Friday, 27/12/2019, 11:12 (GMT+7)

During the school year 2019-2020, Vinschool began teaching a subject called Global Citizenship Education (GCED) with the aim of training students to become well-rounded, responsible global citizens who can stand shoulder to shoulder with their international friends in the context of globalization. Ms. Nguyen Huyen Trang, a teacher at Vinschool Metropolis Primary School, shared her own experiences of teaching this subject as follows:

“The idea is good, but my group sees that when our local heroes risk their lives to help others on the street, they are also putting their whole families at risk – their families may suffer danger and disadvantage, or even lose the breadwinner. Should they do this? I’m sure you know the answer to that question! I can’t imagine how it would be if I were to lose my father one day!”

Those words, which I heard as my students were debating in my GCED class, stick in my mind, even today. Although the words were simple, they showed how great my students’ debating and listening skills were. They were the heart-felt expression of a 10-year-old child’s mind and heart on a social issue as it related to her father. The words really moved me, and changed my mind about the special tomboy in my class.

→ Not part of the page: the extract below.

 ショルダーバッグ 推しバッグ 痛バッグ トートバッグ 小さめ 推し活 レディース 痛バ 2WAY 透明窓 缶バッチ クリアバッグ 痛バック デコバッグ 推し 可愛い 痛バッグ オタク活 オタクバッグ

This is one of the strong memories I have of my students, especially of their skills and knowledge in such a demanding subject as GCED on the theme “Justice”. This subject is considered to be the most “challenging”. It not only brings us teachers many challenges to get it “right”, to help the children absorb this global language, but also many opportunities to be taught by the children themselves these lessons that can’t be found in books.

The contents of this subject are based on the 17 sustainable development goals of the United Nations, so we, the teachers, need to spend hours studying the subject in order to understand it and to implement it. In particular, the five-standard (systematic, global, critical, innovative, collaborative) approach makes it harder to follow because there are skills that even the teachers themselves must learn. However, thanks to this Learning – Teaching – Learning method that we employ, working with our students become more interesting and effective.

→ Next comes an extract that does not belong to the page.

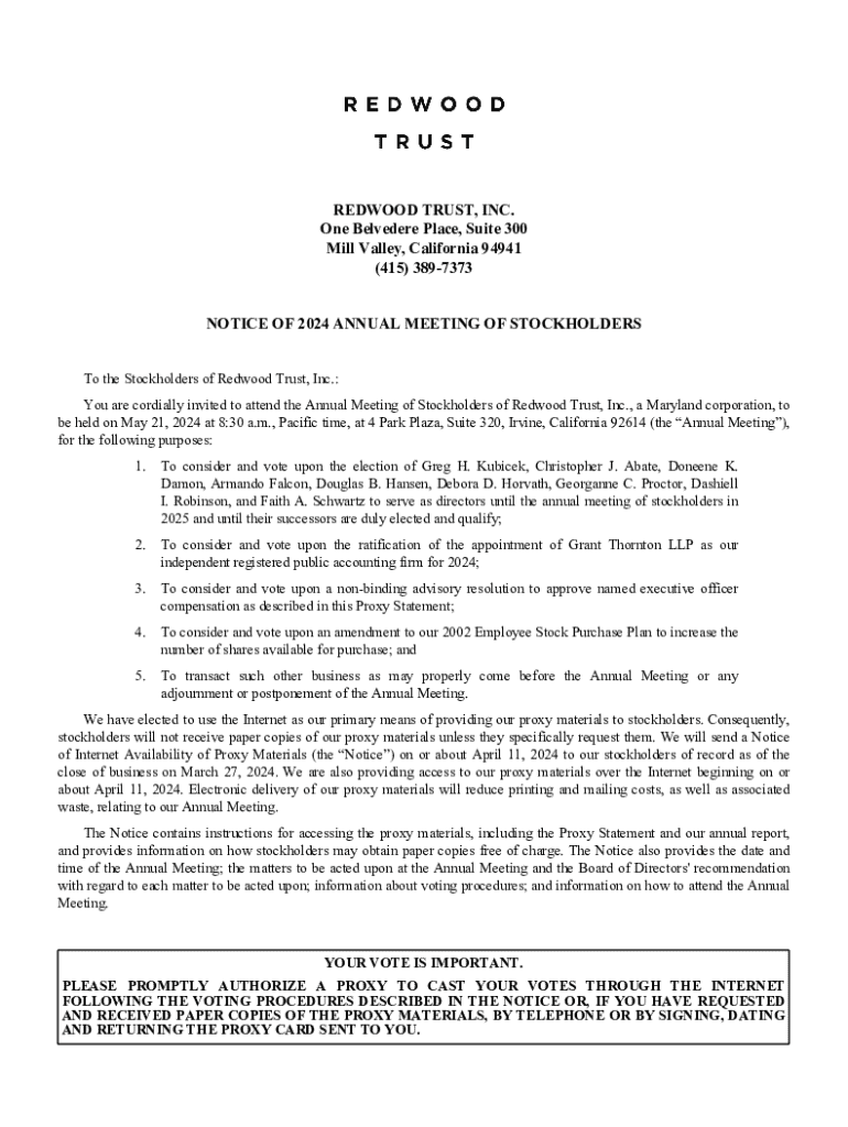 Get the free Notice of 2024 Annual Meeting of Stockholders

After approaching justice issues in different ways, each student will choose an issue that interests them personally, and study it thoroughly before giving a presentation and debating it with a group of teachers and friends. Each answer, each presentation is unique, created by each student after their study process. More importantly, after seeing my 10-year-old students grow step by step and participate in interviews and surveys, I believe that my students are being armed with essential skills to prepare them well for the 21st century, an era of technology.

Then, in phase 2 of the subject, based on their individual interests, the students form groups based on shared interests in order to make action plans with the hope of making small positive contributions to their community. With the overall theme of “Moral standards in the society”, the students form action groups specializing in helping the disabled have a more equal life, helping Vinschool Metropolis students follow moral standards better, or helping street heroes stay safe, etc.

I’m so excited to join with and support my students, and I love seeing how much they grow. Learning by doing – I believe that doing, experiencing, making mistakes and correcting them are among the most intelligent and productive ways to learn. That is what this subject offers my students. It’s impossible to measure students’ knowledge in numbers, but the lifelong learning skills and the living-together skills which the students of the Z generation are gaining will help them develop much more than we did!